Czy Kubuś mógł przeżyć, gdyby wcześniej wykryto u niego sepsę? Arkadiusz Kawka, szef pogotowia ratunkowego, twierdzi, że lekarka, która badała dziecko, postawiła trafną diagnozę. Było za wcześnie, żeby rozpoznać sepsę. U dziecka stwierdzono infekcję. Sepsa jest niczym innym, tylko powikłaniem infekcji – mówi. To niezwykle rzadka i trudna do rozpoznania choroba. Jedna trzecia ludzi to nosiciele wywołujących ją drobnoustrojów, ale zachorowania zdarzają się bardzo rzadko – tłumaczy Arkadiusz Kawka.

Groźne szpitale i żłobki

Sepsa, inaczej posocznica, nie jest samodzielną jednostką chorobową. Definiuje się ją jako zespół ogólnoustrojowej reakcji zapalnej wywołanej zakażeniem. Teoretycznie może ją wywołać każdy drobnoustrój. Do zachorowań na sepsę najczęściej dochodzi w szpitalach na oddziałach intensywnej terapii. Poza szpitalem sepsa dotyka głównie dzieci i młodzież oraz ludzi starszych i osłabionych. Szczególnie narażone są osoby przebywające przez długi okres w dużych skupiskach, takich jak żłobki, przedszkola, szkoły, koszary, więzienia itp.

Unikać tłumów

Rozmowa z Leszkiem Michniewiczem, lekarzem pediatrą z Bogatyni.

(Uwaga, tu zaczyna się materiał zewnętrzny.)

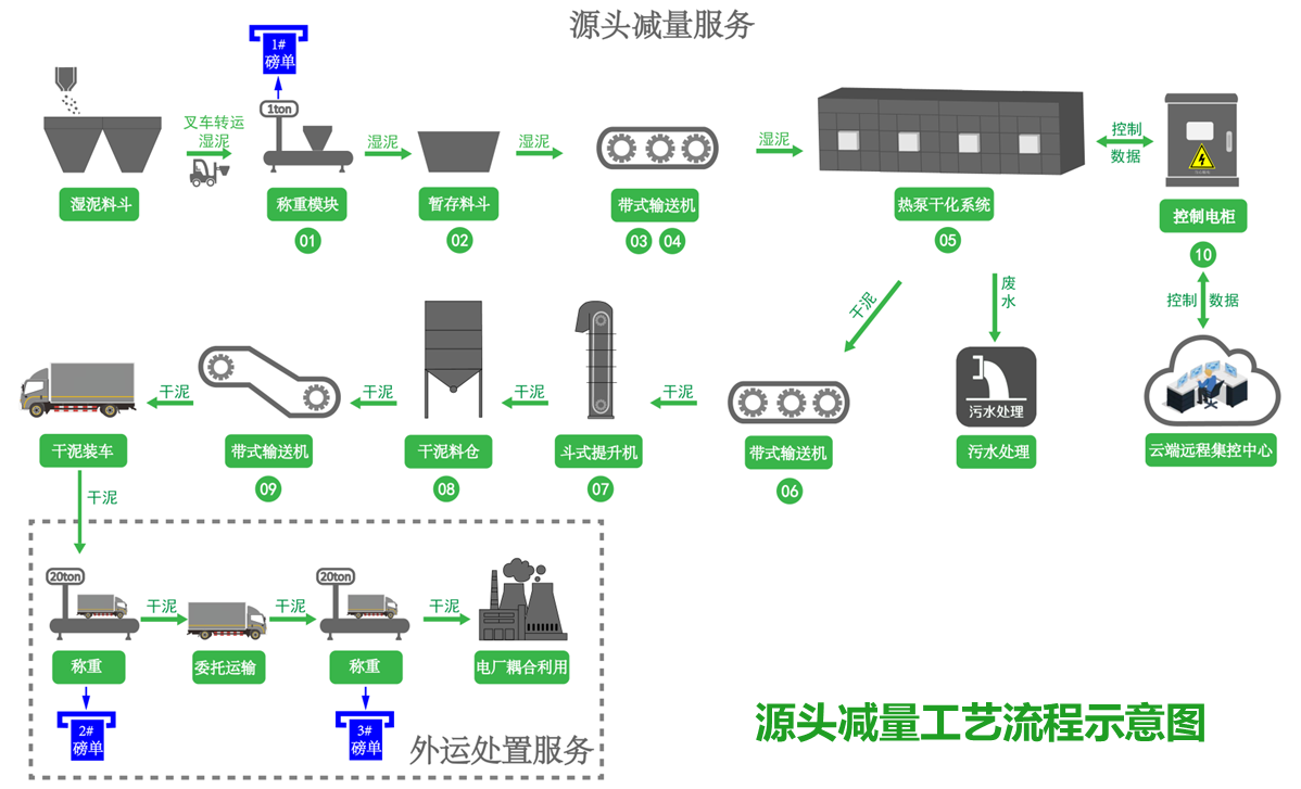 為助力無廢城市的建設(shè),實現(xiàn)污泥源頭減量、無害化、資源化政策要求,江門市國禎污水處理有限公司委托江門綠潤環(huán)??萍加邢薰緸榻S板框壓濾機脫水污泥作源頭減量及外運處理。綠潤科技積極探索污泥處理處置技術(shù)裝備及工藝路線,總結(jié)項目經(jīng)驗做法,形成可復(fù)制、可推廣的“生活污泥源頭減量+燃煤電廠耦合利用”模式,首次運用于江門市國禎污水處理廠脫水污泥處置及服務(wù)運營項目,在源頭把含水率65%的污泥干化減量至20%以內(nèi)含水率的污泥燃料,外運至燃煤電廠耦合焚燒發(fā)電,全過程均受業(yè)主單位及綠潤公司監(jiān)控,安全可靠,做到“日產(chǎn)日清、泥不落地、人不觸泥”,充分體現(xiàn)了固廢減量化、無害化、資源化的處理處置原則。
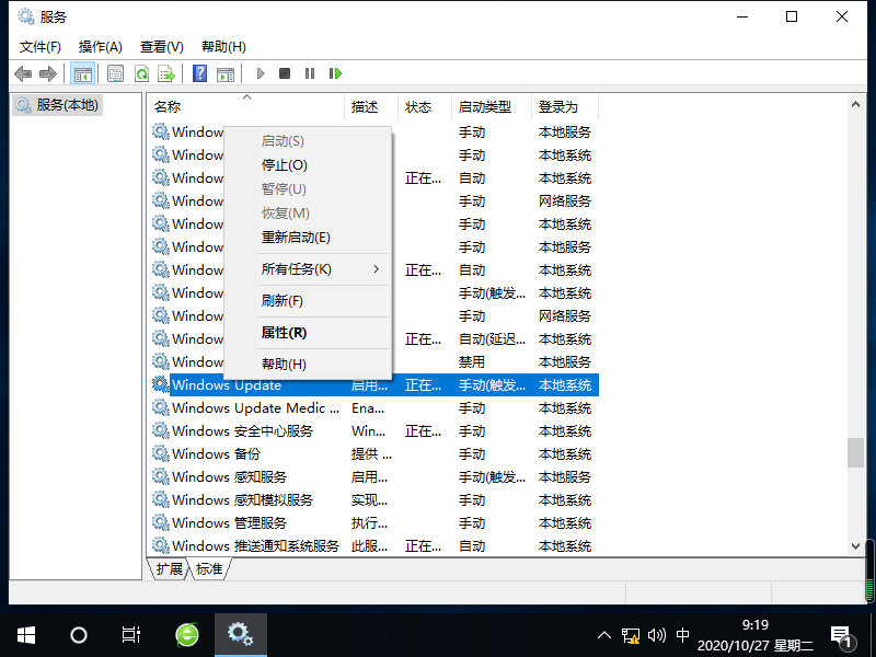 5、接着我们在回到服务页面,右键启动Windows Update。

- W jaki sposób można się zarazić sepsą?

- Nie ma jednego czynnika wywołującego tę chorobę. Sepsa jest ciężkim zakażeniem organizmu, które mogą wywołać pneumokoki, meningokoki oraz hemofilus. Zarazić się można drogą kropelkową, czyli przez kichanie, kaszel, bezpośredni kontakt, np. pocałunek, a także poprzez picie z jednego naczynia. Najbardziej narażone są małe dzieci oraz dorastająca młodzież, która np. zaczyna chodzić na dyskoteki. Grupą ryzyka są też osoby, które mają obniżoną odporność z powodu przewlekłych chorób. Trzeba jednak pamiętać, że drobnoustroje wywołujące sepsę nie pojawiają się nagle. Jest pewna grupa ludzi, która jest ich nosicielem, ale nie ma żadnych objawów chorobowych. W sprzyjających warunkach, takich jak obniżenie odporności, spowodowane np. infekcją, dochodzi do namnożenia się tych bakterii. Osłabiony organizm nie jest w stanie temu skutecznie zapobiec.

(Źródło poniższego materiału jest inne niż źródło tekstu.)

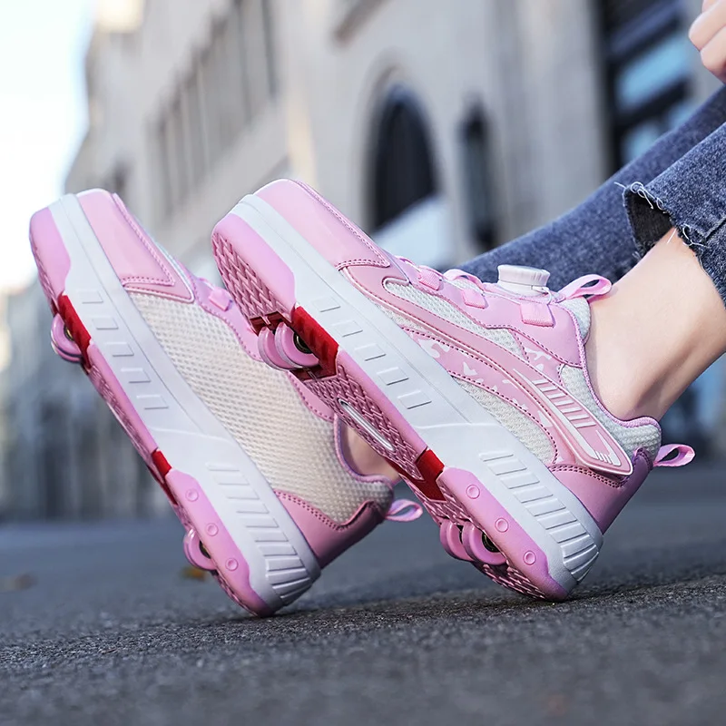 4 Wheels Roller Skate Deformation Shoes 2025 New Fashion Casual Kids Boys Girls Mesh Footwear Gift Game Boots Children Sneakers
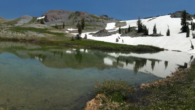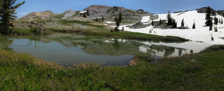 A beautiful large lake sat in the middle of this bowl. As I explored the area a bit more, I discovered a smaller lake, which looked as if it were only in existence because of the snow melt, and didn’t have a name on the map. It was an emerald green color, surrounded by wild flowers and snow capped mountains.
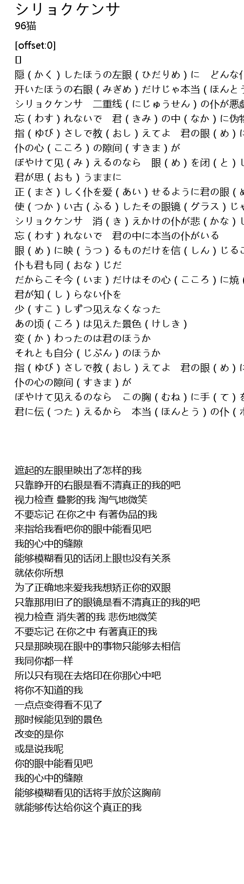 | [00:38.319] | シリョクケンサ 二重线(にじゅうせん)の仆が悪戯(いたずら)に微笑(ほほえ)む |
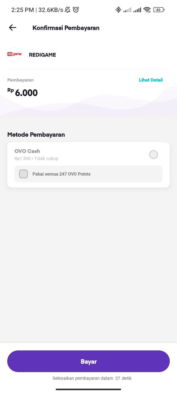Konfirmasi pembayaran akan dikirim ke aplikasi OVO anda, segera lakukan pembayaran sebelum mencapai limit waktu 55 detik.
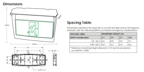 With a high efficacy LED strip fixed within the unit, this exit light delivers an impressive viewing distance of up to 24 meters, ensuring that it can be easily seen from afar, even in large open spaces. The unit operates on a 230V power supply (compatible with 240V), with a low power consumption of 4 watts in standby mode, offering an energy-efficient solution for long-term use. The battery management system, paired with an intelligent 3-stage charger, ensures the light is consistently ready for action, providing over 50,000 hours of reliable service life. During a power failure, the light maintains operation for more than two hours, adhering to the stringent requirements set forth in AS/NZS 2293 standards.
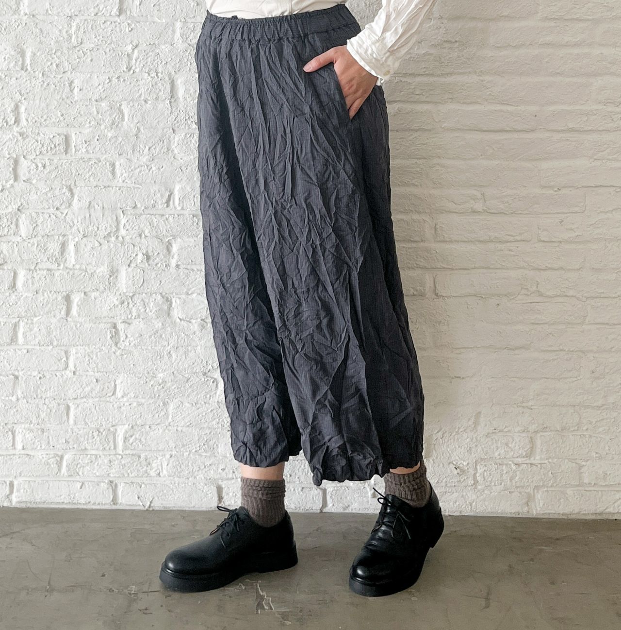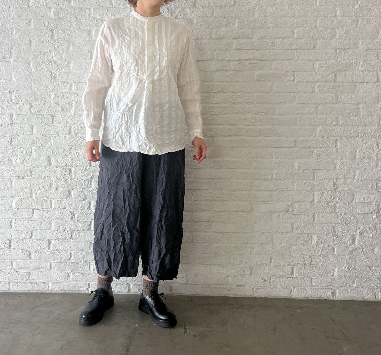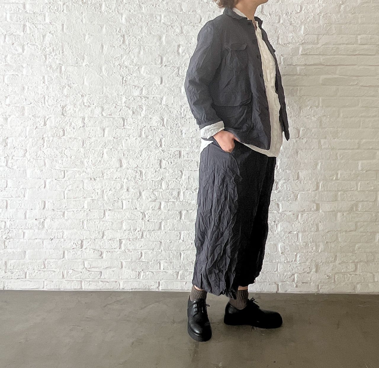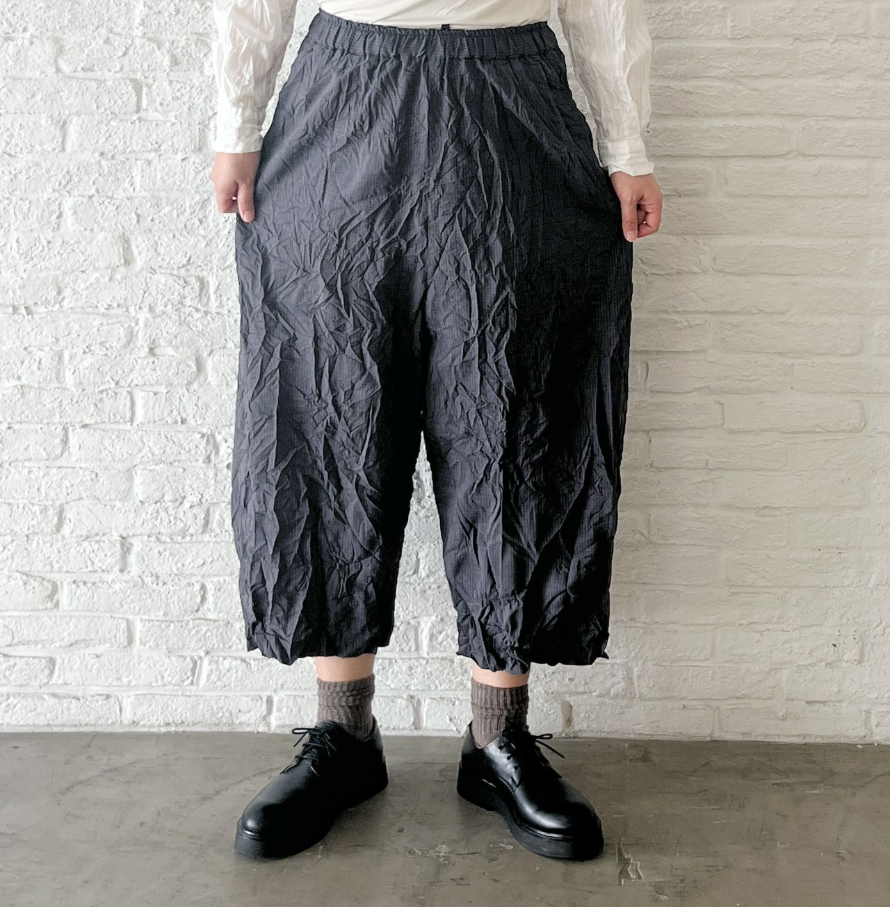 股上深めのサルエルパンツにしわ加工を入れて表情感を出しました。

- Jak rozpoznać objawy sepsy?

- Pierwszym objawem jest wysoka, sięgająca 40 stopni, gorączka nieustępująca pod wpływem leków przeciwgorączkowych. Zwykle pojawia się nadmierne pobudzenie, rozdrażnienie lub odwrotnie – ospałość. Mogą temu towarzyszyć światłowstręt i drgawki. Częstym objawem jest też podwyższona sztywność karku. Kolejnym etapem jest pojawienie się na ciele wysypki i wybroczyn. Powodzenie leczenia zależy głównie od szybkości reakcji. Przy czym sepsa wywołana przez pneumokoki jest trudniejsza do wyleczenia niż sepsa meningokokowa, bo słabiej poddaje się antybiotykom.

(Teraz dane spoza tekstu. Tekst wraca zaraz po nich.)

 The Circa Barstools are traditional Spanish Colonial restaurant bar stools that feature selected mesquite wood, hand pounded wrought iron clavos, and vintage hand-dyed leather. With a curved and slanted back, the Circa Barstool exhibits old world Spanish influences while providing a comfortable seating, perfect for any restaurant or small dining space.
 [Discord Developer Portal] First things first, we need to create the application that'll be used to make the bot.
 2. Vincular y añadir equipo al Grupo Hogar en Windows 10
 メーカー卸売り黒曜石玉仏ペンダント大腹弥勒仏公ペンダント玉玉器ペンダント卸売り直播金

- Jak się bronić przed zakażeniem?

- Przede wszystkim należy prowadzić zdrowy tryb życia i hartować organizm, spędzać dużo czasu na świeżym powietrzu. Zdecydowanie lepiej iść z dzieckiem na spacer do parku niż na przykład do galerii handlowej czy kina. Centra handlowe są dużymi skupiskami ludzi i ryzyko zarażenia jest tam zdecydowanie wyższe. Poza tym, jeśli dziecko jest podziębione lub niedoleczone, to lepiej nie wysyłać go do przedszkola. Przy obniżonej odporności może zarazić się od dzieci, które chociaż nie chorują, są nosicielami. Najskuteczniejszą ochroną są szczepienia. Trzeba jednak pamiętać, że odporności nie nabiera się na drugi dzień po szczepieniu. Organizm potrzebuje na to minimum 2-3 tygodni.

Paweł Kamiński

Źródło artykułu:WP Wiadomości
Wybrane dla Ciebie
Komentarze (0)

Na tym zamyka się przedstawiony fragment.